I tried to follow the workaround (adding ROOT.TPython.Class() before Define()) presented in the topic RDataframe with strings:

import pandas as pd
import ROOT

if __name__ == "__main__":

    # load the pickled pandas file
    pandas_df = pd.read_pickle("pandas_df_example.pckl")

    # format the columns to pass them to ROOT
    pandas_df.columns = ["_".join(map(str, col)) for col in pandas_df.columns]
    pandas_df.columns = pandas_df.columns.astype(str)
    

    # check column types
    # print(pandas_df.head())
    # print(pandas_df.dtypes)

    # extract the string-type columns to add them later
    string_cols = pandas_df.select_dtypes("string").columns
    numerical_cols_df = pandas_df.drop(string_cols, axis=1)

    # import the numerical columns to RDataFrame
    data_rdf = ROOT.RDF.FromPandas(numerical_cols_df)
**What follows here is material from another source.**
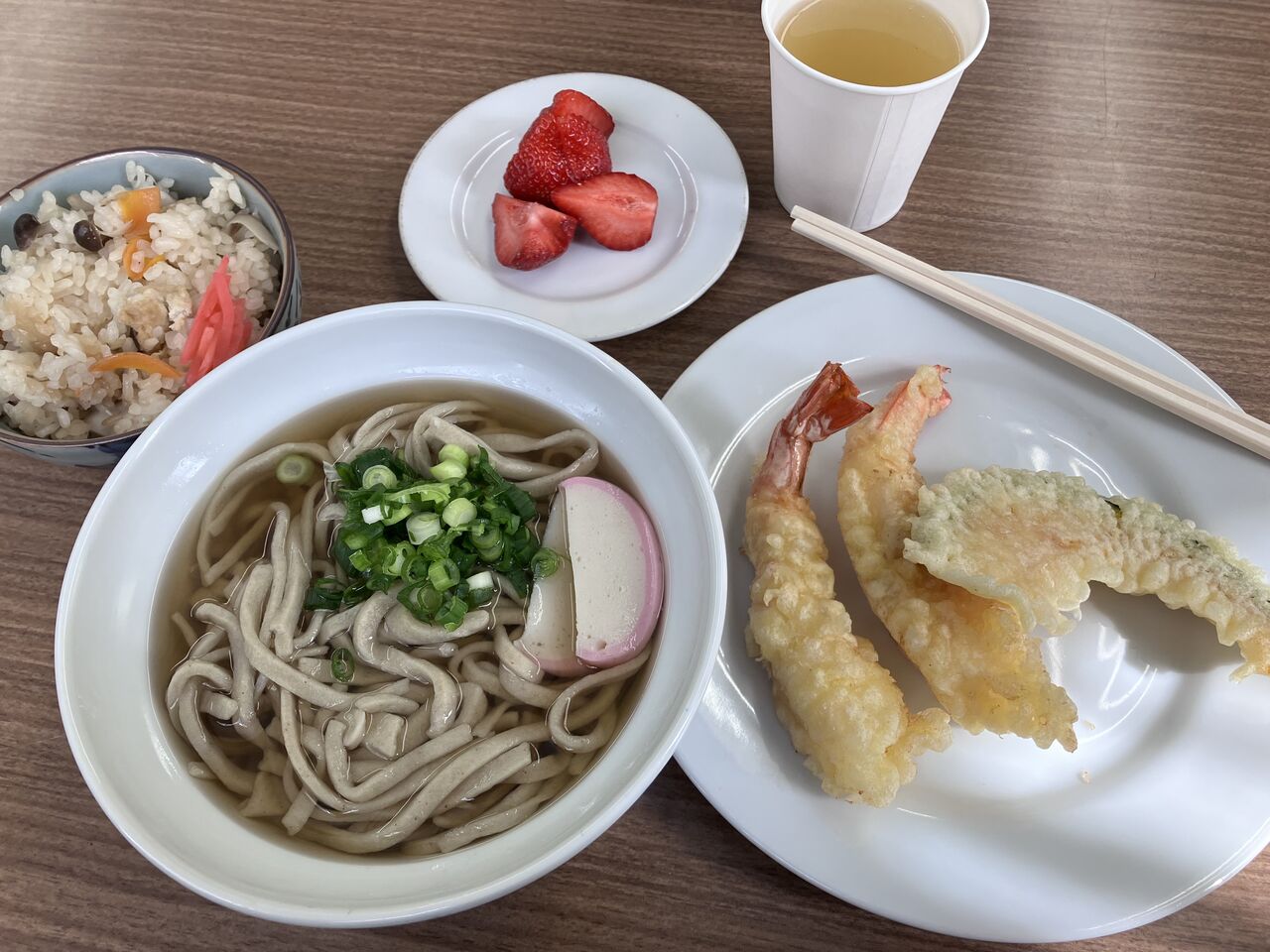 本日の献立は、*かけそば *海老天 *炊き込みご飯 でした。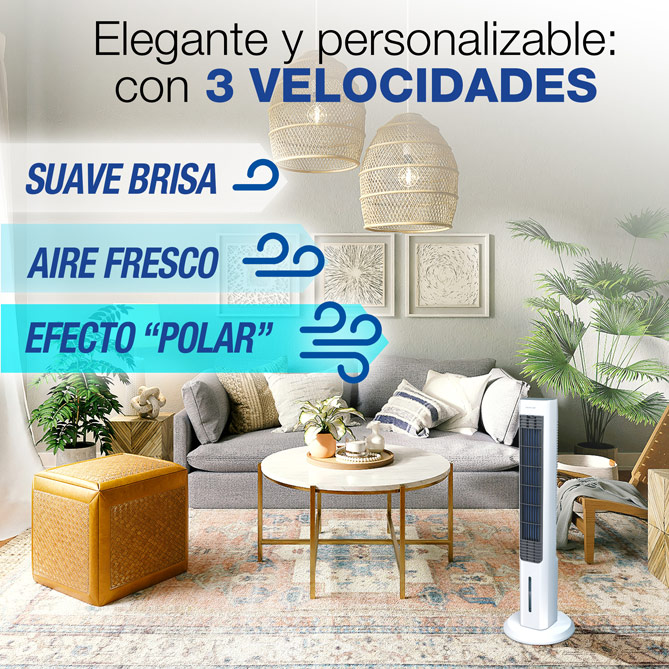 2-SELECCIONA LA VELOCIDAD DEL VENTILADOR: desde su panel de control táctil -situado en la parte superior para que lo manejes cómodamente-, elige entre 3 velocidades -”suave brisa”, ”aire fresco” y “efecto polar”- para un clima siempre a tu gusto. Supersilencioso, con temporizador de hasta 12 horas y autoapagado, podrás usarlo toda la noche para dormir plácidamente ¡incluso cuando el calor es insoportable!

    # add back the string-type columns with Define
    ROOT.TPython.Class()
    for str_df_col in string_cols:
        data_rdf = data_rdf.Define(
            f"{str_df_col}",
            f'auto to_eval = "pandas_df[\'{str_df_col}\'][" + std::to_string(rdfentry_) + "]"; return (std::string) TPython::Eval(to_eval.c_str());',
        )
    
    # save the dataframe to file
    data_rdf.Snapshot("test_tree","Test_file.root")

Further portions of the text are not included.